▸ **Your task**
Please copy the data below exactly, from its first line through the line holding "店頭に並んだ品物はすべて手作", and skip the pictures.

▸ **Data provided**

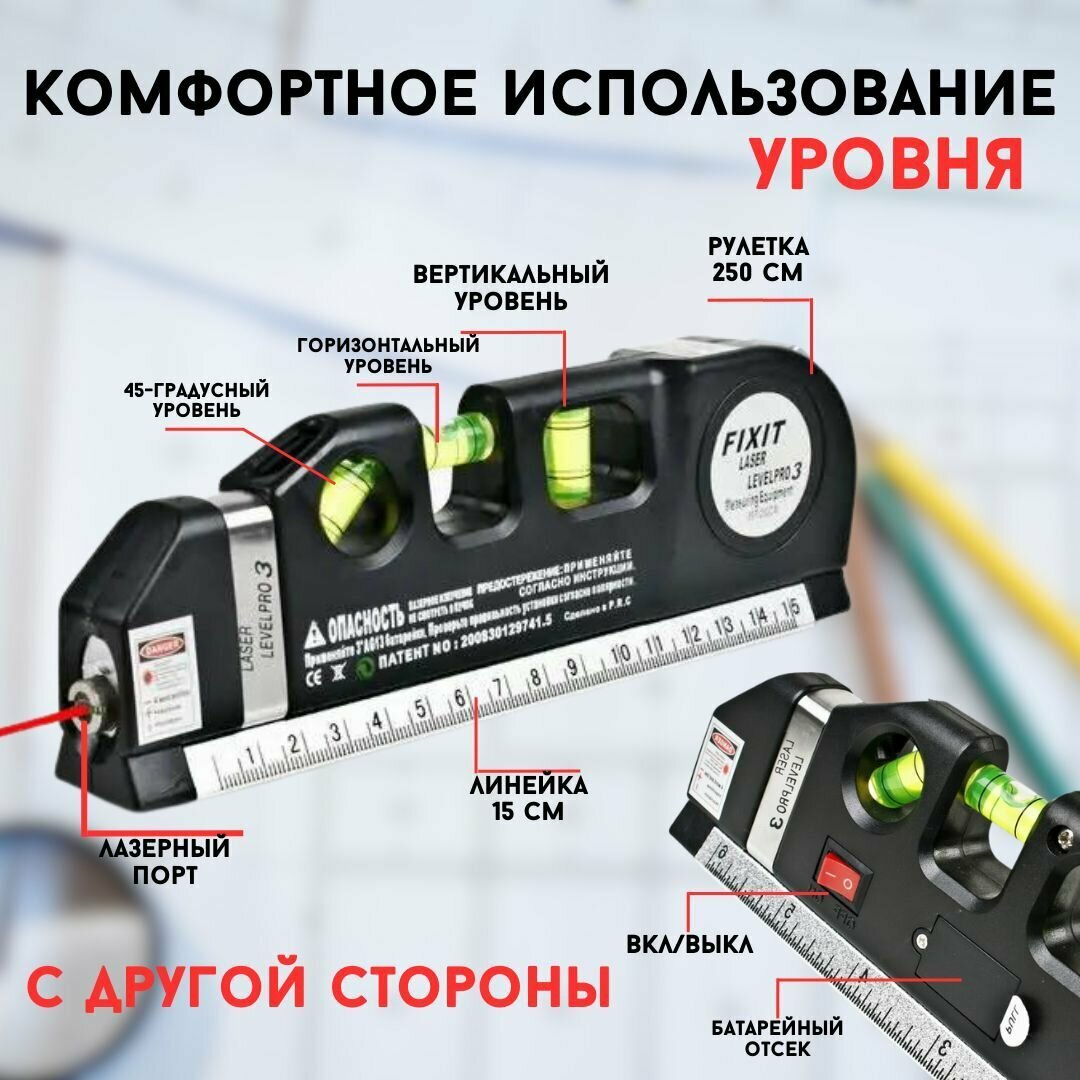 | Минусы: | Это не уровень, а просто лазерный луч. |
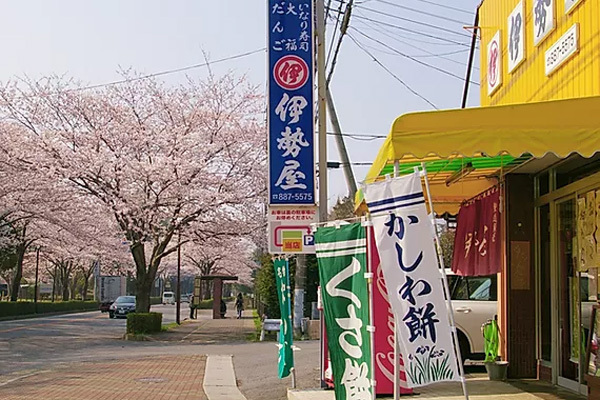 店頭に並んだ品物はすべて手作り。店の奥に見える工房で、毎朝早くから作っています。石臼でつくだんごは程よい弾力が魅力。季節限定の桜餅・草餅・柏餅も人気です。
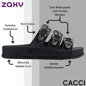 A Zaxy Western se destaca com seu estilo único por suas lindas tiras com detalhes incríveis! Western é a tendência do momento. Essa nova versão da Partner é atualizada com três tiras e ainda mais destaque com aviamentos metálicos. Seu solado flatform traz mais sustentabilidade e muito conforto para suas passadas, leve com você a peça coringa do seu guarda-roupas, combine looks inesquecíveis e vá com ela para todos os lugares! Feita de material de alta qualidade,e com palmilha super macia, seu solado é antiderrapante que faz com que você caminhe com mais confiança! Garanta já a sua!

▸ **Answer**
 | Минусы: | Это не уровень, а просто лазерный луч. |
 店頭に並んだ品物はすべて手作り。店の奥に見える工房で、毎朝早くから作っています。石臼でつくだんごは程よい弾力が魅力。季節限定の桜餅・草餅・柏餅も人気です。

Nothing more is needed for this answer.